Artificial Extracellular Matrices (ECMs) are promising tools for the study of cell behaviors.

Methods:

Here, we report a protocol for the use of a reconfigurable biocompatible azopolymer thin film through a photoinduced reconfigurable structuration of its surface to study nerve growth, differentiation and cell guidance.

Results & Discussion:

We show that this protocol combined with a spontaneous self-photoinduced polymer is suitable for time-lapse fluorescence video microscopy and can be easily adapted to electron microscopy techniques (SEM) and near-field imaging techniques (AFM).

Keywords: Polymer, PC12 cells, SEM, AFM, Time Laps, Video Microscopy.



1. INTRODUCTION

Since several years, numerous works and experiments show that cells develop a high sensitivity for chemical and physical features of 2D and 3D substrates used in the goal to control and study their in-vitro proliferation. In this view it has been shown that several components of the artificial Extracellular Matrices (ECM) affect different comportments of cells during growths such as adhesion, proliferation, differentiation, and cell death [1-3]. Several signals induced by the material substrate, such as 2D and 3D organization, influence cell’s comportments and thus highlighted the paramount importance of ECM. Topographic cues are known to induce and influence cell’s growth and functions. Different methods and techniques were developed to produce micro- and nano-grooved materials. The final objectives are aimed to study contact interactions, guidance and mechano-transduction phenomena [2, 4-6].

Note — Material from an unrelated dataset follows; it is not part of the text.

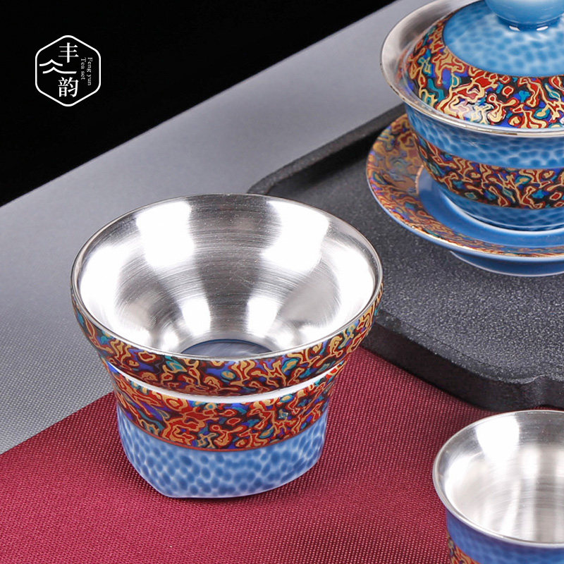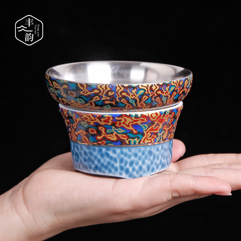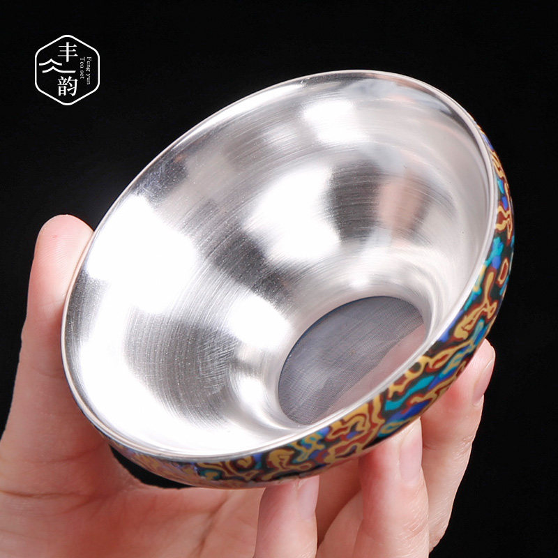 Personalized tea filter tea leakage screen tea filter screen gilt silver lacquer blue hammer pattern kung fu tea set tea ceremony accessories

The development, inscription, and modulation of permanent patterns on several substrates usually associate microfabrication and nanofabrication methods such as soft lithography, electron or focused ion beam lithography [4-7]. One of the advantages of the latter is the very high spatial resolution given by the energy used to inscribe a topographical pattern. However, these techniques often require expensive equipment, specialized technicians and are time consuming, especially when large surfaces are processed. Potentially additional techniques, such as embossing, can be used for large production of samples [8]. Moreover, once manufactured, the geometric, topographical and mechanical features of the substrate surface are often fixed and thus cannot be easily modified afterward. Finally, the designed topography being intrinsically robust to any changes and modifications which is, basically, in contrast with in-vivo ECM [9].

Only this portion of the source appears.